0 555 339 7979 - 0 532 708 30 04
‘Ya Bu Deveyi Güdersin Ya da Bu Diyardan Gidersin’
Cümlelerin bilinç altımızda bıraktığı anlam...
“Ya Bu Deveyi Güdersin Ya da Bu Diyardan Gidersin” Sözünün Görünmeyen Yüzü
Toplumun hafızasında yer etmiş birçok söz vardır; bazıları bir gerçeği işaret eder, bazıları ise bir düşünceyi gizlice kabul ettirir.
“Ya bu deveyi güdersin ya da bu diyardan gidersin” ifadesi de bunlardan biridir.
Bu cümle, dışarıdan basit bir tercih sunuyor gibi görünür.
Oysa altındaki asıl anlam şudur:
“Mevcut düzeni kabul et; çünkü onun dışında bir yer yok.”
Bu sözün yüzyıllardır kullanılmasının nedeni, insanın zorluk karşısında en kolay yolu seçmeye eğilimli olmasıdır. Güçlü yapılar, otoriter düzenler ve baskın toplumsal alışkanlıklar da bu eğilimi beslemiştir.
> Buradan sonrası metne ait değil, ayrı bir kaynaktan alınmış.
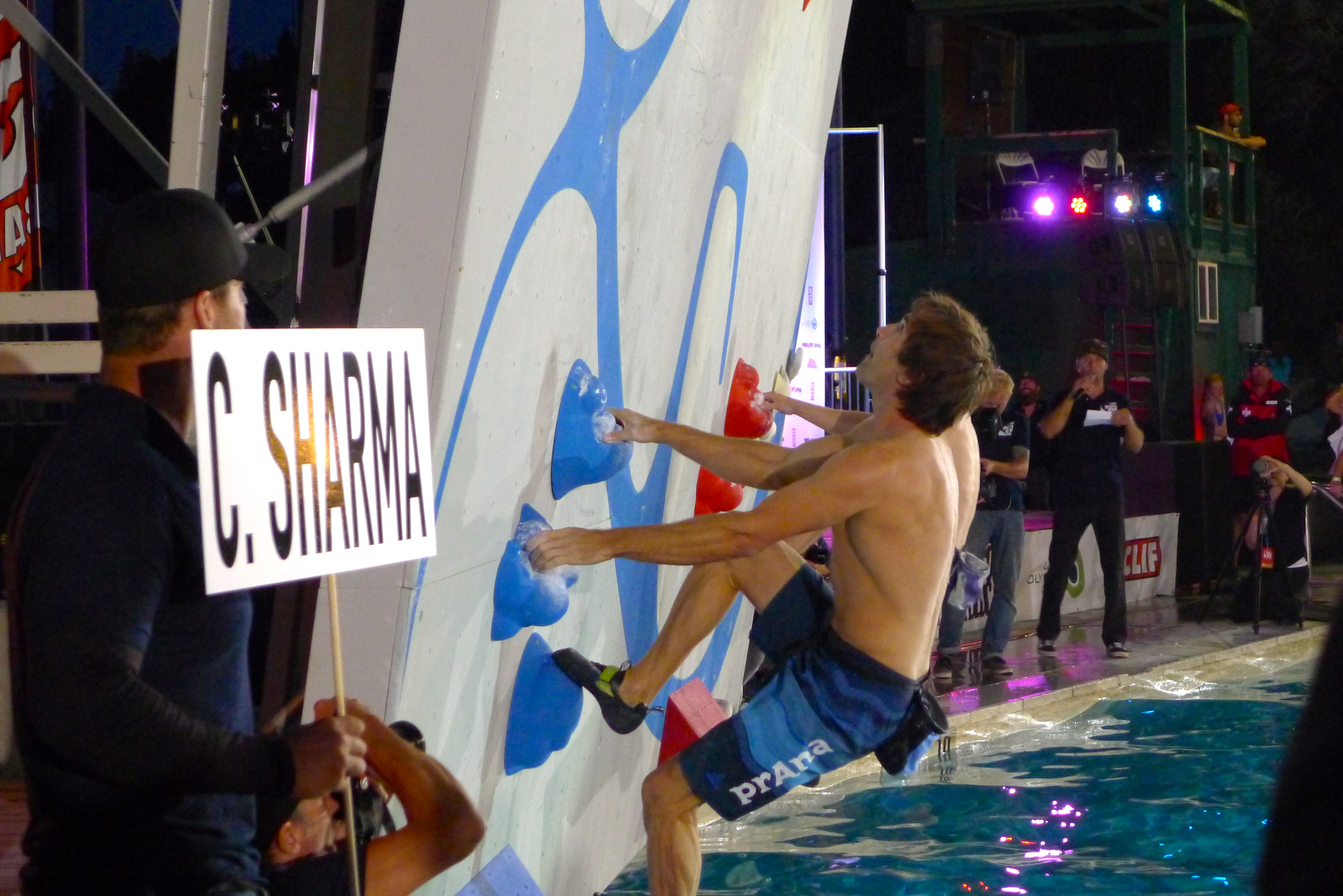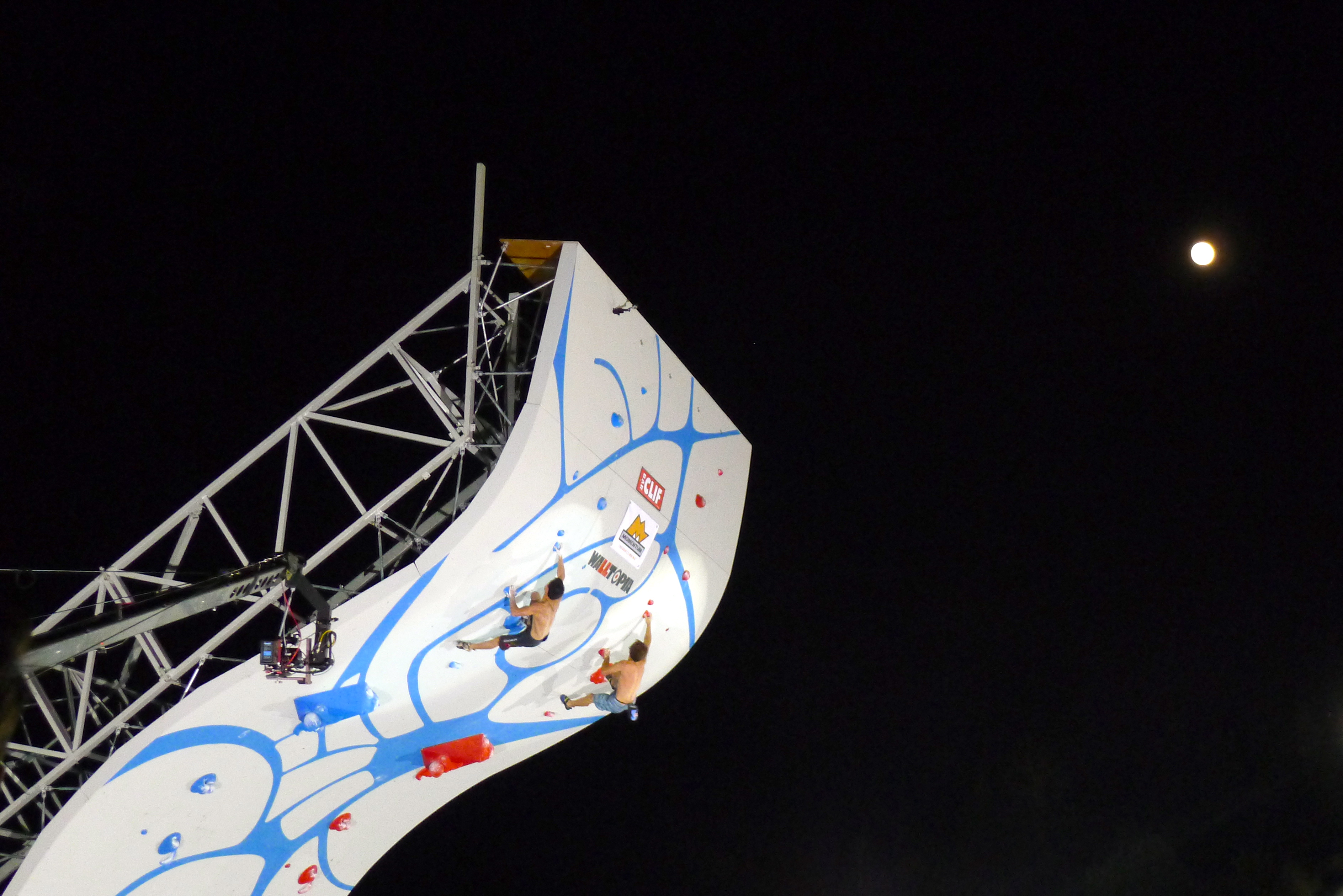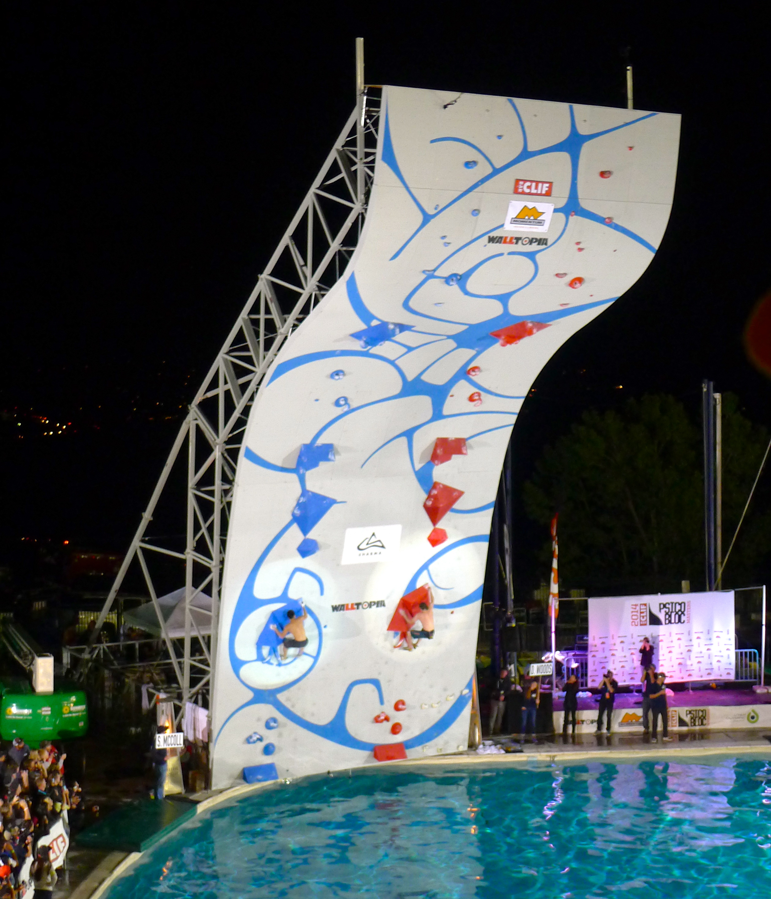 Workers adjusted the climbing wall holds to increase the difficulty for the men’s competition. We sipped drinks and watched the moon rise, entertained by the ski jumpers doing tricks into the pool. As the boys took their place on the wall, It was clear from the first heat that this was going to be a tight competition. I couldn’t believe how quickly these guys were climbing a 5.14 wall (one was timed at 40 seconds). Amazing talent!

Böylece söz, bir “gerçeklik” değil, bir “alıştırma” hâline gelmiştir.
Zayıflığın Değil, Öğretilmiş Çaresizliğin Yansıması
İnsanların bir kısmı bu sözün arkasındaki anlamı sorgulamadan kabul eder.
Bunun sebebi zayıf olmaları değil, sürekli tekrar edilen bazı kalıplara maruz kalmalarıdır.
Psikolojide buna öğretilmiş çaresizlik denir.
Bir kapana sıkıştırılan hayvan yeterince dener ama sonuç alamazsa, kapı açık kalsa bile dışarı çıkmaz.
Bu davranış biçimi insanlarda da görülür:
– Denemekten vazgeçilir,
– Sorgu askıya alınır,
– Kabul edilen şey gerçek sanılır.
Gerçek dışı bir düşünce, sürekli tekrar edilirse “kader” gibi görünmeye başlar.
Düzen Varsa, Ona Teslim Olmak Zorunlu Değildir
Her düzen kendi içinde dönüşür.
Değişmez görünen hiçbir şey aslında sabit değildir.
Zamanın akışı bile en büyük otoritedir; hiçbir sistem ona karşı duramaz.
Düzenle mücadele edenler tarihte çoktur.
Bu insanlar toplumları yönlendirmemiş, sadece gördüklerini söylemişlerdir.
İster uyulur ister uyulmaz; hakikat, tercih zorlamaz.
Bu yüzden mesele bir isyan çağrısı değil, bir hatırlatmadır:
Bir düzen varsa, alternatif ihtimal de vardır.
Bir söz varsa, karşı soru da vardır.
İnancın Sessiz Çöküşü
Kişi kendini ifade edemezse önce iç sesi çatlar.
Sonra umut köşeye çekilir.
İnanç, bir süre sonra sessiz bir ağlayışa döner.
Bu durum çoğu zaman dışarıdan fark edilmez.
İnsan, en çok kendi kayboluşunu geç fark eder.
Bu da başka bir hakikati gösterir:
Kabul etmek kolaydır,
ama kayboluşun sonuçları ağırdır.
Varlığın İspatı: Hareket
Varlık, hareket ile görünür.
Düşünce sabitse yok olur; hareket eder, değişir ve anlam kazanır.
İnsan bir düzeni değiştirmek zorunda değildir.
Ama onu anlamak, yorumlamak ve kendi payını oluşturmak zorundadır.
Aksi hâlde varlık bulanıklaşır, isim kalır ama iz silinir.
Sözün Sonundaki Asıl Anlam
“Ya bu deveyi güdersin ya da bu diyardan gidersin” sözünün özünde şu vardır:
“Başka bir ihtimal yoktur.”
Oysa tarih, bilim, insanlık deneyimleri bunun tam tersini gösterir:
Her zaman başka bir ihtimal vardır.
Bu yazının amacı kimseye yol çizmek değildir.
Mesele sadece şudur:
Bir söz doğru görünüyorsa bile, altındaki anlamın gerçek olup olmadığını sorgulamak gerekir.
Çünkü hakikat, dayatmayı değil düşünmeyi sever.
Özet (Kısa Hakikat):
– Söz, düzeni sorgusuz kabul ettiren bir kalıptır.
– Zayıflık değil, öğretilmiş çaresizlik üretir.
– Tarihsel olarak otoriter yapıların işine gelir.
– Hakikat, kör kabulden değil sorgudan doğar.
– İnsanları yönlendirmez; sadece bir gerçeği işaret eder:
Düzeni kabul etmek zorunlu değildir. Alternatif ihtimal her zaman vardır.